- Opening Delimiter -
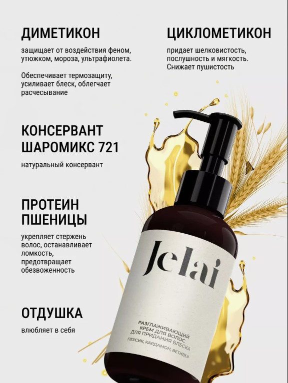 Jelai Крем для волос парфюмированный для придания блеска разглаживающий «Bitter Peach»
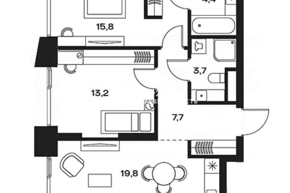 2-комн. кв., 52.6 м², 4/12 этаж
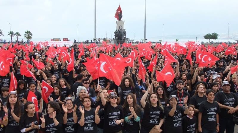 İmzanın oluşturulması için saatler 15.00’i gösterdiğinde ise, ara sıra ise şiddetini arttıran yağmura rağmen kalabalık dağılmadı. Hep bir ağızdan ellerinde Türk Bayraklarıyla İzmir Marşı’nı ve onuncu yıl marşını coşkuyla söylediler.
- Closing Delimiter -
Exercise goal
Transcribe the whole listing exactly but exclude images.

Expected answer
 Jelai Крем для волос парфюмированный для придания блеска разглаживающий «Bitter Peach»
 2-комн. кв., 52.6 м², 4/12 этаж
 İmzanın oluşturulması için saatler 15.00’i gösterdiğinde ise, ara sıra ise şiddetini arttıran yağmura rağmen kalabalık dağılmadı. Hep bir ağızdan ellerinde Türk Bayraklarıyla İzmir Marşı’nı ve onuncu yıl marşını coşkuyla söylediler.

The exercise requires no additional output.